Above: Wassily Kandinsky, On the Theme of the Deluge 1913-14
If you like colour and bold ideas then this is a great exhibition to view. It’s amazing that each art movement seems to be built out a collection of artists who meet, encourage and feed off each other’s skills. In Munich in the early 1900s, a group of like-minded artists found each other and shared an interest in expressing their personal and spiritual ideas through bold, colourful painting. They called themselves The Blue Rider.






Above: top row: Gabriele Münter, portrait of Olga von Hartmann, Gabriele Munter, Portrait of Marianne von Werefkin, Elisabeth Epstein, self portrait, Bottom row: Marianne Werefkin, The Dancer, a portrait of Alexander Sacharoff (in drag!)
Just looking at these portraits, above, you get an idea of how radical and brave they were in the way they portrayed themselves and recorded each other. You could argue that the advent of photography had removed the need for accurate painted portraiture.

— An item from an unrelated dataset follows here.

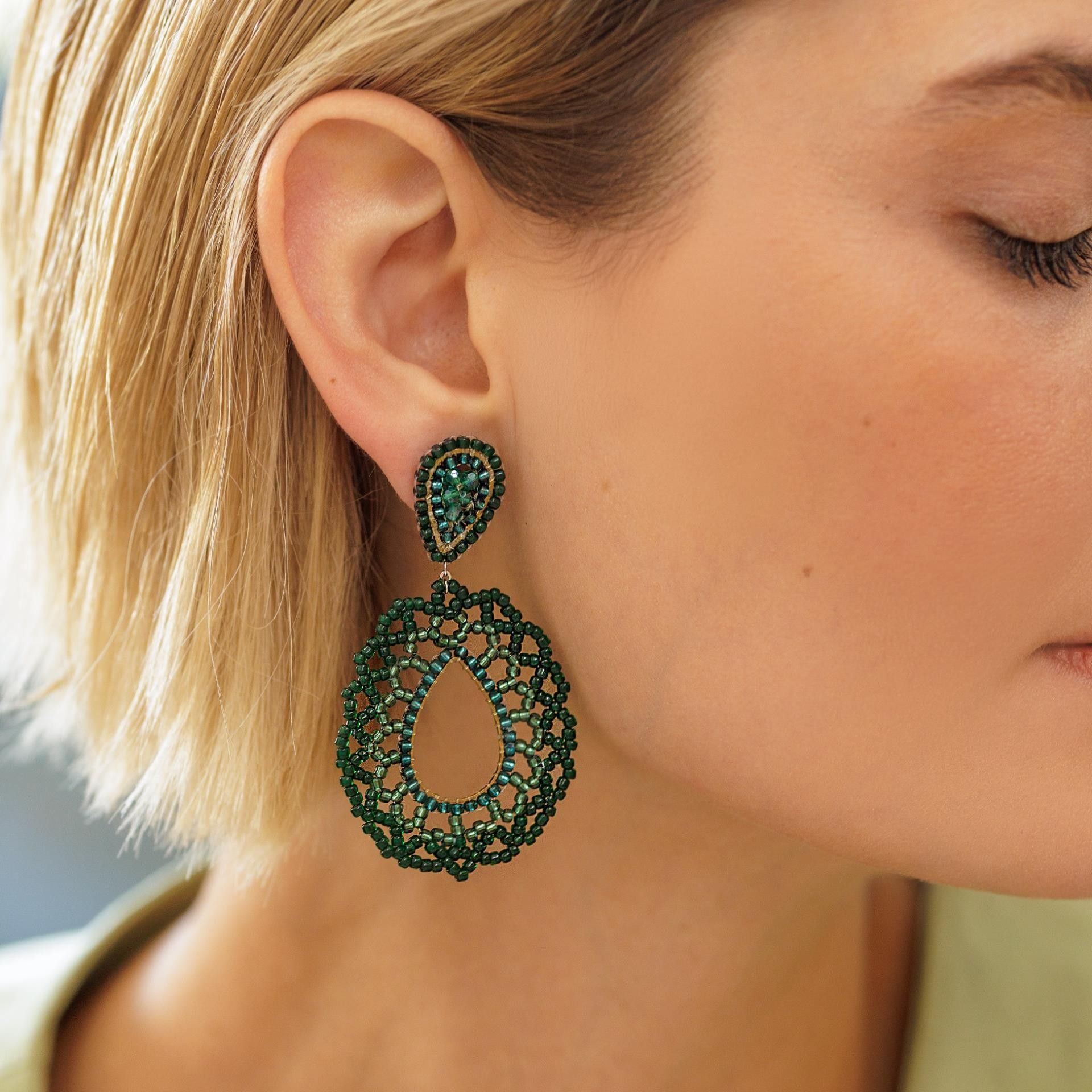 Des boucles d'oreilles boho vertes qui rappellent une dentelle délicate. Un eyecatcher discret qui se combine avec pratiquement tous les looks. Très confortables à porter grâce à leur poids léger. La longueur totale est d'environ 6,5 cm.

What these images do is convey a sense of the person, the real personality and style, rather than bothering with an careful likeness. I love these pictures.

Above: a very fantastical Tiger by Franz Marc, 1912
This group, which formed members of the Blue Rider, were a mixture of married couples and free-thinking single men and women. It’s very satisfying to see that so many of the women in the group are given space for their works upon the walls and also celebrates their contribution to the collective.



Above are three examples of women’s work. Left to right: Maria Frank-Mark, Girl with Toddler 1913, Gabriele Münter, Portrait of Marianne von Werefkin (also one of the female artists in the group) and Marianne von Werefkin’s Self-portrait from 1910

The colours are wonderful. I really liked this interior painting. My Dining Room, by Wassily Kandinsky, 1909. It looks as though it was done at high speed with black drawing with a brush and then flooded with bright colours. The atmosphere of the room is terrific.



Above, the dark painting of The Skaters, is by Marianne Werefkin from 1911. Centre, Promenade by August Macke from 1913 and on the right is another by Marianne Werefking entitled The Storm. She was brilliant at conveying mysterious settings and threatening atmospheres.

And I’m going to give the last slot to Gabriele Münter and this portrait she painted of Marianne Werefkin. We have Münter to thank for the survival of so many of these works. During the Second World War, when so many of the artists were regarded as ‘degenerates’ and were also Jewish, Munter stored many of the paintings in her cellar and kept them safely hidden from Nazi threat until it was safe to reveal them and she donated them to the Städtische Galerie in the Lenbachhaus in Munich.
The exhibition is on until 20th October 2024.